Un costard sur mesure
Et voilà qu’une association nous contacte pour un petit troupeau de quatre moutons destiné à pâturer mais aussi à intervenir auprès de groupes d’enfants venus en camps de vacances. Salto, si familier et si affectueux, pouvait y faire du bon travail.
Capable de brouter au sein d’un groupe de congénères, il l’avait prouvé. Quant à sa capacité à câliner et à se laisser cajoler, il l’avait plus que prouvée ! Après moult tergiversations affectives de sa bergère, évaluations des risques liés aux clôtures, etc., il fut choisi avec trois copains pour la joie qu’il pourrait procurer aux enfants.
Effectivement, il a beaucoup de cordes à son arc. Il vient spontanément vers l’humain qu’il suit volontiers sur le terrain. Il adore les chiens ! Salto a d’ailleurs du longtemps s’imaginer en chien.
Il apprécie de se promener en laisse et en liberté avec un groupe hommes-chiens. La bergère l’a ainsi baladé à de multiples reprises en famille, avec chiens et enfants.

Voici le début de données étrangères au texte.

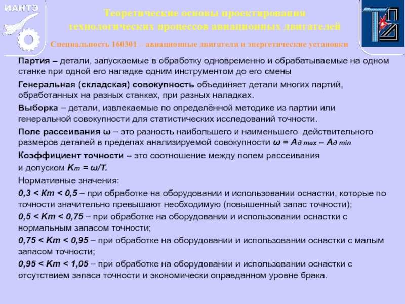0,95 < Kт < 1,05 – при обработке на оборудовании и использовании оснастки с отсутствием запаса точности и экономически оправданном уровне брака.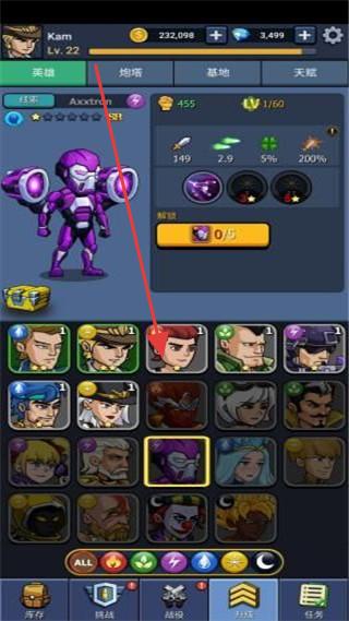 2、英雄策略搭配:选择钢铁战士等战争英雄,策略搭配组合,利用各英雄花样技能,实现秒杀清屏的战斗效果。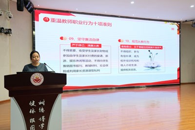 学校副校长任冠强、党总支专职副书记赵焱分别从各自分管领域,向全体教职工分享了新学期工作思路,对开学工作提出明确要求。会议重申了学校安全工作的重要性和安全培训的必要性,提出了“思想重视,源头杜绝,注重细节”12字安全工作方针;会议还对新学期德育常规和学生心理健康等工作提出新要求;并明确“以党建为旗帜、以教学为根基、以师德师风为保障、以合理为引擎”为核心思想,向老师们做了党建、教学和师德师风等工作部署。会中,赵焱副书记还带领全体教职工重温了《教师职业行为十项准则》,并通报了近期廉洁自律警示教育案列。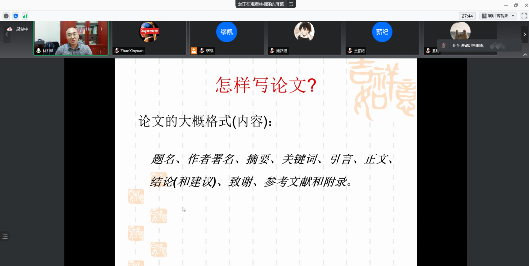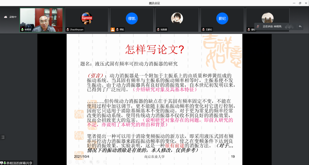 其次,林教授建议,做科研时可以先有一个好想法,再写一篇好文章,最后做一场好报告。他同样强调研究生期间发表论文的重要性——不仅可以促进科学技术研究和学术交流、利于科学积累也是业务成绩的重要依据。至于写什么样的论文,林教授提出了自己的见解:规范可读是基础、科学准确是前提。除此之外,林教授在如何写论文方面给出了详细的指导。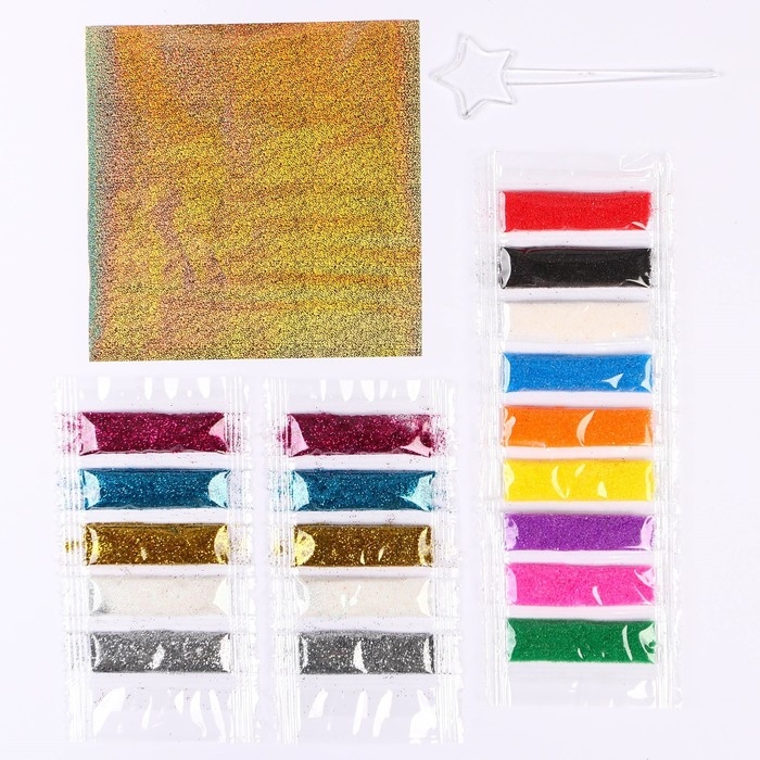 Фреска из песка — увлекательный вид творчества, который понравится любому малышу. Ведь раскрашивать любимых героев с помощью цветных песчинок так здорово! Засыпайте картинку постепенно и не забывайте равномерно распределять мелкие блёстки по клеевому слою, чтобы картина сияла. Или засыпьте только некоторые части фрески, придав картинке фактуру. Специальные контуры не дадут разноцветным частичкам перемешаться и помогут создать сверкающий шедевр. Клеевая основа защищена специальным слоем бумаги с прорезями. Отделяйте верхний цветной слой с помощью стеки и засыпайте песком подходящего оттенка.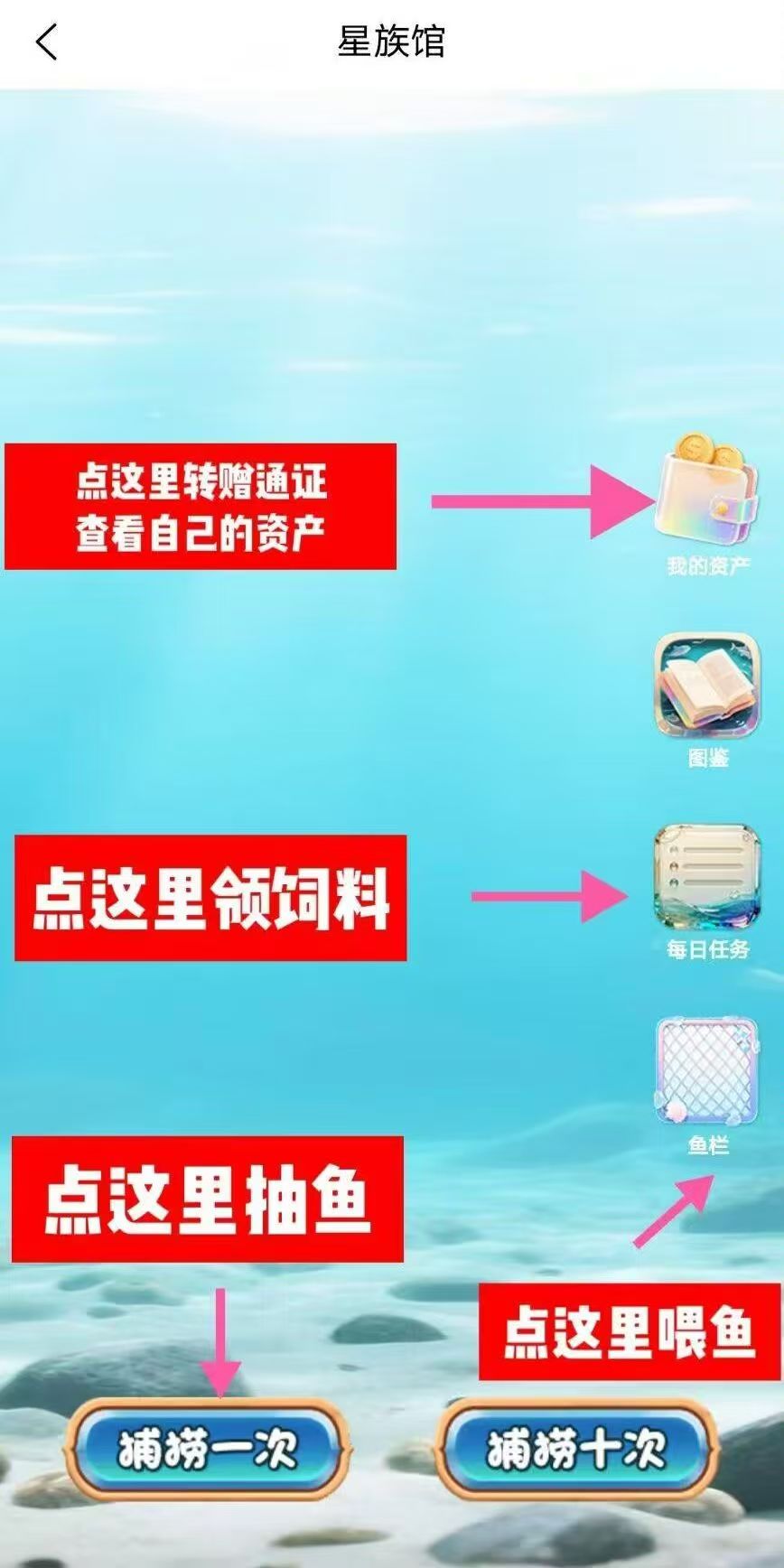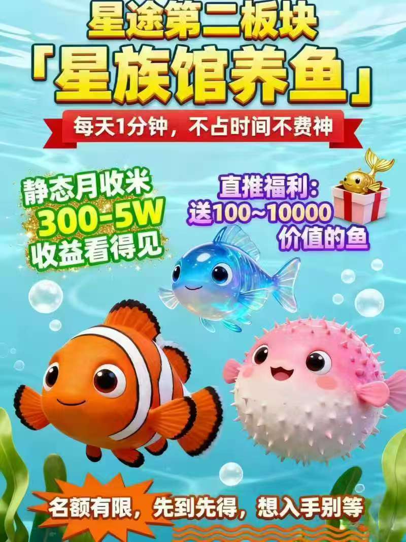 星族馆养鱼其实很简单,零撸。就是捕一条鱼,随机可以捕到价值1000到10000的鱼,然后每天做任务🉐饲料喂养产通证,铲出来的通证可以卖💰,市场80左右一个收,后期上几百一个,也可以继续捕鱼养鱼。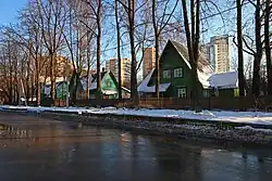 Sokol (Russian: Сокол) also known as "artists' settlement" (Russian: посёлок художников)) is the first cooperative residential settlement in Moscow,[1] founded in 1923. It is located in the Northern Administrative Okrug, not far from the later built Sokol metro station. The settlement "Sokol" became one of the embodiments of the garden city concept. Since 1979, the settlement has been under state protection as a monument to urban development of the first years of Soviet power. Since 1989, the settlement "Sokol" has been self-governing. The architects of the settlement "Sokol" implemented the concept of the "garden city",[1] which was popular in the early 20th century. The idea of a settlement that would combine the best features of the city and the village was put forward by the British Ebenezer Howard in 1898. As early as 1903, a project appeared to build a similar garden city on Khodynka Field in Moscow. This project was being developed for some time, but the events of 1914-1917 prevented its implementation.[2] The urban development plans of the 1920s - "New Moscow" by Alexey Shchusev and "Greater Moscow" by Sergei Shestako - also widely used the idea of a "garden city". The outskirts and suburbs of Moscow were supposed to be built up with settlements consisting of low-rise buildings, which were to have their own libraries, clubs, sports and children's playgrounds and kindergartens.[3]
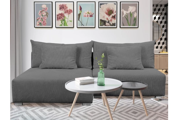 Trendová rohová sedací souprava očalouněna měkoučkou látkou v barvě tmavě šedá. Pohodlně měkké sezení doplňují extra velké opěrné polštáře – dopřejte si tak příjemnou domácí pohodu i v menším prostoru vašeho obýváku. Sedačku lze univerzálně sestavit s otomanem umístěným na pravé anebo levé straně, navíc svými kompaktními rozměry je také vhodná do menšího bytu.

Et cerise sur le gâteau: il ne refuse pas une petite régression avec quelques biberons plaisirs pour la plus grande joie des enfants. Aux dernières nouvelles, il est la mascotte, figurant au rang des meilleurs moments des enfants lors de leur séjour chez AtheMae – Cabot’ins, association de notre région www.cabotins.ch & http://www.athemae.ch, oeuvrant, je les cite : « à promouvoir des activités ludo-éducatives et thérapeutiques visant l’épanouissement basées sur les principes de la médiation par les animaux et l’éveil à La Nature, dans le respect des besoins et de l’individualité de chacun. »
Le retour du guerrier…
Cette saison de pâturage étant déjà bien avancée, l’organisation de l’hivernage 2018 se profile. Et avec lui, le retour de Salto et la joie de le retrouver grandi, bien bâti espérons le et toujours aussi proche de nous. Bien sûr, les autres aussi sont attendus avec bonheur et une pointe d’excitation, surtout les jeunes béliers de 2017 qui auront bien changé n’en doutons pas.